**Requirement:** Within the material below, transcribe exactly the lines from the one holding "Petro Blue Tatersall" through the one holding "Sidi Bou Said this", keeping both ends and skipping the rest.

**Data extract:**

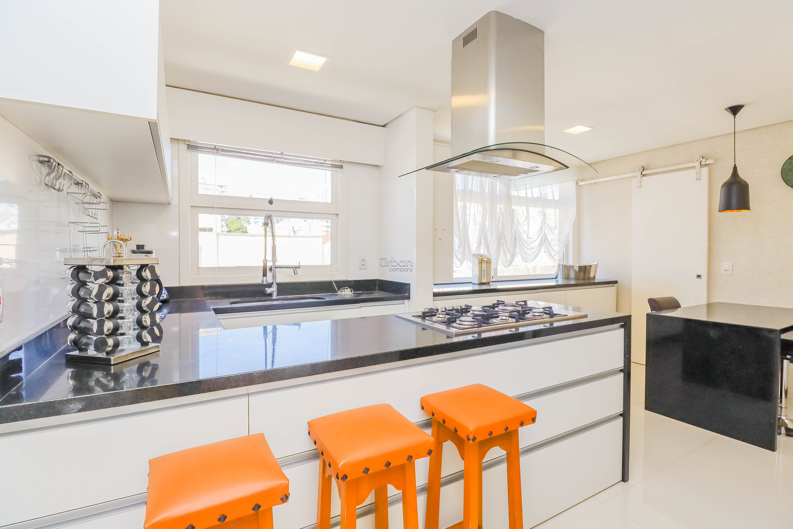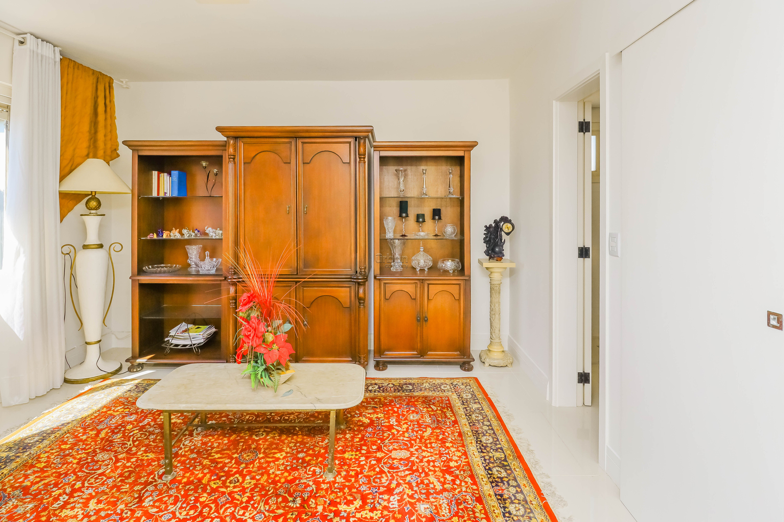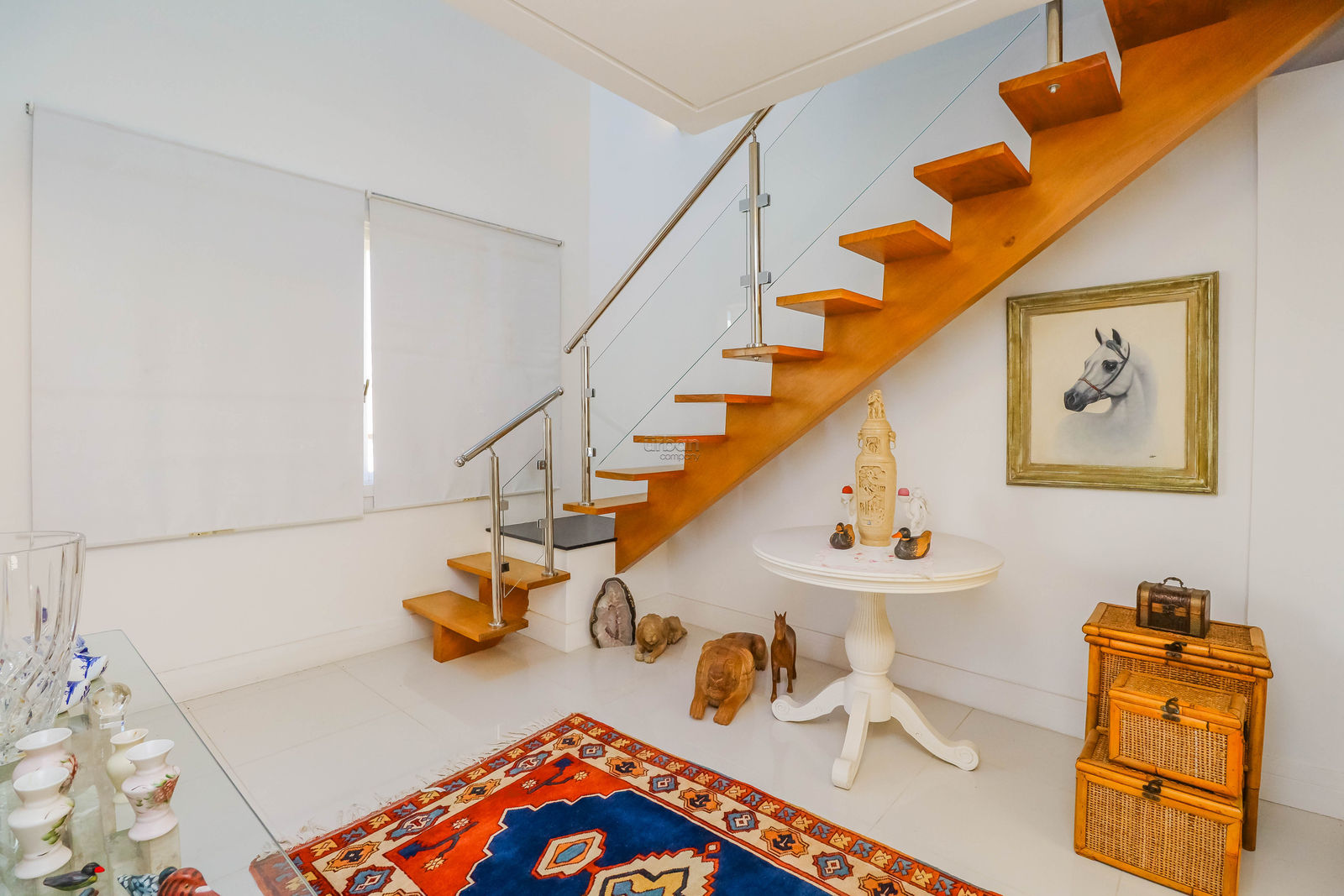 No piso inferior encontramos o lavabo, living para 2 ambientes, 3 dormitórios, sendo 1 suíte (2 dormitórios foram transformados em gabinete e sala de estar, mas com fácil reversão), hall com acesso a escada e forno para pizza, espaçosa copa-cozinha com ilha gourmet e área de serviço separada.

---

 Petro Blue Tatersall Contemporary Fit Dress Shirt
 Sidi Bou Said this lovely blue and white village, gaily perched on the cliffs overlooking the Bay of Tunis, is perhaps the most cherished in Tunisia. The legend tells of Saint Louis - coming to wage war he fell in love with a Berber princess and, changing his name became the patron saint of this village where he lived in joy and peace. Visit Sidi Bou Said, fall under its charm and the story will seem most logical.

**Reply to the task:**
 Petro Blue Tatersall Contemporary Fit Dress Shirt
 Sidi Bou Said this lovely blue and white village, gaily perched on the cliffs overlooking the Bay of Tunis, is perhaps the most cherished in Tunisia. The legend tells of Saint Louis - coming to wage war he fell in love with a Berber princess and, changing his name became the patron saint of this village where he lived in joy and peace. Visit Sidi Bou Said, fall under its charm and the story will seem most logical.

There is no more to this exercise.